Biden noted infrastructure hasn’t been a bipartisan issue, saying, “There are not many Republican or Democratic roads and bridges.”
Transportation Secretary Pete Buttigieg also joined the Oval Office meeting virtually. Buttigieg is quarantining after a member of his security detail tested positive for Covid-19.
Democratic Sen. Tom Carper of Delaware and Republican Sen. Shelley Moore Capito of West Virginia, the chairman and top Republican on the Environment and Public Works Committee, respectively, were present at the meeting.
Also attending were Republican Sen. Jim Inhofe of Oklahoma, who serves on the Environment and Public Works Committee, and Democratic Sen. Ben Cardin of Maryland, chairman of the Small Business and Entrepreneurship Committee.
Biden also said he was on the phone with Chinese President Xi Jinping for “two straight hours” on Wednesday, and said: “If we don’t get moving, they’re going to eat our lunch.”
He said China was investing billions of dollars in transportation and the environment, among other issues.

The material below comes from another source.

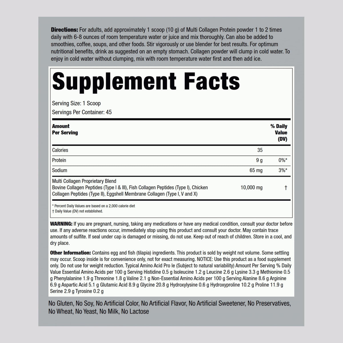 Piping Rock Multi Collagen Protein Powder | 16 oz Unflavored | 10,000mg Peptides Complex | Type i, ii, iii, v, x | Gluten Free, Non-GMO Supplement

“We just have to step up,” Biden said.
The President sees a sweeping infrastructure package as a central legislative priority for his first year in office and critical to his economic recovery plan, CNN has reported. The plan could be an area to work with Republicans, with infrastructure widely seen as the most likely area where the two parties could strike a deal.
Biden has also tied rebuilding America’s infrastructure to his climate plan, which is another top priority of his administration. He has spoken about how he plans to create jobs and rebuild crumbling roads and bridges while turning the country toward electric vehicles and reducing energy consumption.
The President was also expected to discuss his coronavirus relief package with the senators.
Biden has proposed a $1.9 trillion relief package that includes $1,400 stimulus checks, more aid for the unemployed, the hungry and those facing eviction, additional support for small businesses, state and local governments and increased funding for vaccinations and testing.
Both chambers of Congress last week passed a budget resolution that sets the stage for Democrats to be able to use a process known as budget reconciliation to pass Biden’s sweeping Covid-19 relief bill on a party-line vote.
The President has said he is willing to go forward without the support of Republicans, but has said he’s willing to make certain concessions if the package will earn bipartisan support.
A bipartisan deal is his preference, the President has said, but he has stressed the need to pass immediate and substantial relief to address the pandemic and economic crisis gripping the nation.